Review by Laurie Atkinson [Reproduced with permission of Fairfax Media] 25th Feb 2008

Blackbird is not about pedophilia as some of the publicity might lead you to believe. It is a psychological drama that probes with surgical skill and shattering emotional force into the lives of 56 year-old Ray and 27-year-old Una who was sexually abused by him when she was twelve. Or was she?

Ray served a prison sentence and then started a new life with a new name in another city in a middle management job of a factory somewhere in England. Una has tracked him down through a photograph in some trade paper she read by chance.

What does she want? Revenge? An explanation for his desertion of her in a room in a guest house by the sea? To show that she suffered more than he did from what happened to her before and after the trial?

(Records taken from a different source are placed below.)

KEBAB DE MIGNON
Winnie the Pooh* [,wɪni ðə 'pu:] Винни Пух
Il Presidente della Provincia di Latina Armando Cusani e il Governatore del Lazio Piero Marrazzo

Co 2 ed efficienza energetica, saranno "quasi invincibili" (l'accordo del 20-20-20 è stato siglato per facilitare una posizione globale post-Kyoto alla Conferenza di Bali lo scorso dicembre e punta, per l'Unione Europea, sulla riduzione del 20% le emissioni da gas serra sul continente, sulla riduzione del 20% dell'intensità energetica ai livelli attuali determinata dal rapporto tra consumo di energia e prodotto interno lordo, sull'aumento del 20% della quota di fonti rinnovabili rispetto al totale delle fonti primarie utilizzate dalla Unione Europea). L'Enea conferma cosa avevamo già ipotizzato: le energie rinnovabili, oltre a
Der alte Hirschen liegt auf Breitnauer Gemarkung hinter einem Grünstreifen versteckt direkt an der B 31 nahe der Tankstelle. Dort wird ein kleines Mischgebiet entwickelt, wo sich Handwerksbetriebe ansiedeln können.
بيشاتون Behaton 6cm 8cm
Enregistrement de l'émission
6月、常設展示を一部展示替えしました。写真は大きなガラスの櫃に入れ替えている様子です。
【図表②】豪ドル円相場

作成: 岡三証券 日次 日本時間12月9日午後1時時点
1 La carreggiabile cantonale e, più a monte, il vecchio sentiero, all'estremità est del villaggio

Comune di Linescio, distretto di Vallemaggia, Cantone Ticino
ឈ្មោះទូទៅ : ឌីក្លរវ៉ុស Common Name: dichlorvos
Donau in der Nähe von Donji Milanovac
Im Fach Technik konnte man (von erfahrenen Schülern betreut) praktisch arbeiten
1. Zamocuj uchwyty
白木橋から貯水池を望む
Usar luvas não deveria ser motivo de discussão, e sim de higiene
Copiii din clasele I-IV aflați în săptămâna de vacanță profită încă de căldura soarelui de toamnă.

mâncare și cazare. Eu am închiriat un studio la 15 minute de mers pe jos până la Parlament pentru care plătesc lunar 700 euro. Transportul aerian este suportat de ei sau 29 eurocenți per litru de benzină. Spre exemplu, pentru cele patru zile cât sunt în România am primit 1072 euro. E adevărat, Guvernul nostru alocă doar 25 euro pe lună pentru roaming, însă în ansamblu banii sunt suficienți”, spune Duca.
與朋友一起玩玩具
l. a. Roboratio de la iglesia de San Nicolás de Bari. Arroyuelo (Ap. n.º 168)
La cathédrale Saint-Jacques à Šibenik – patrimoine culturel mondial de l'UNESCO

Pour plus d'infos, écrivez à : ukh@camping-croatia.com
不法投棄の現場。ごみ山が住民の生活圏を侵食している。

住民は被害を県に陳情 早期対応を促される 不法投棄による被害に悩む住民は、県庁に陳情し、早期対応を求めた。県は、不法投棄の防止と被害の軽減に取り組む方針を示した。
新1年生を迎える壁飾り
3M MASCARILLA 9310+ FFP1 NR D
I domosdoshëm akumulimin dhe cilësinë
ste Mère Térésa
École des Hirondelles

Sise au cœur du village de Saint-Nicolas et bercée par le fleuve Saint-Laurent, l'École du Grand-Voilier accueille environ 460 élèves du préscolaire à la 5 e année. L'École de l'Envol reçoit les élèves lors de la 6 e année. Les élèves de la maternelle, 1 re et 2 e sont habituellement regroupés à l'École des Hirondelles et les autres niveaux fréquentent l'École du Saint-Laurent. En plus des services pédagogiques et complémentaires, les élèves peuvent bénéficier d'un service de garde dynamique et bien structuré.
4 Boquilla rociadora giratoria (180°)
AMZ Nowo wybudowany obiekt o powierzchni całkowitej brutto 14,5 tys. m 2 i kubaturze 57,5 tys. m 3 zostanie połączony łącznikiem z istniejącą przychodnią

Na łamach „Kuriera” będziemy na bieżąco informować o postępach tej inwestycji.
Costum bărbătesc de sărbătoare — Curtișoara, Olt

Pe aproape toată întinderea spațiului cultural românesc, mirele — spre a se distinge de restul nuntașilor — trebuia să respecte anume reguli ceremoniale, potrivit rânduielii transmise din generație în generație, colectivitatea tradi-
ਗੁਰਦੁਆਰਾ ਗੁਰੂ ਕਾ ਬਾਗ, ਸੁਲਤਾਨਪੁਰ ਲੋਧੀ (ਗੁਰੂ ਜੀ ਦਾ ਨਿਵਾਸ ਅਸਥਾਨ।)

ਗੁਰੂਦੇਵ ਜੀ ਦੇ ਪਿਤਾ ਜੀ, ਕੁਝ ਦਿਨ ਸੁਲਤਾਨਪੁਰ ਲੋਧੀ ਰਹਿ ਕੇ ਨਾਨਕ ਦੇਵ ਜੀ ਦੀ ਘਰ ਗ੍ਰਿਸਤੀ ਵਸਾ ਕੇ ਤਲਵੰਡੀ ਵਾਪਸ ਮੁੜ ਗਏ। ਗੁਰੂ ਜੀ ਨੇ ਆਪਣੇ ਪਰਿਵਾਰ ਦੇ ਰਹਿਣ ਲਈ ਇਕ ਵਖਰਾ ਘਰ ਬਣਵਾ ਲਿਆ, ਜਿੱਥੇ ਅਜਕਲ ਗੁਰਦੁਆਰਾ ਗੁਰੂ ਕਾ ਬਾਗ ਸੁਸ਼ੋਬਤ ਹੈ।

Questions that intricately undermine easy assumptions, conventional attitudes and moral standards are raised throughout the play. One’s sympathy for the characters keeps shifting throughout the play’s tension-filled 90 minutes.

The major difference between Cate Blanchett’s Sydney Theatre Company’s production and Jane Waddell’s at Circa 2 last year is that it is played in the round so that it feels as if the audience, on steeply raked seating, is observing caged animals far below in a zoo as Una and Ray pace nervously about the litter-strewn lunchroom of the factory.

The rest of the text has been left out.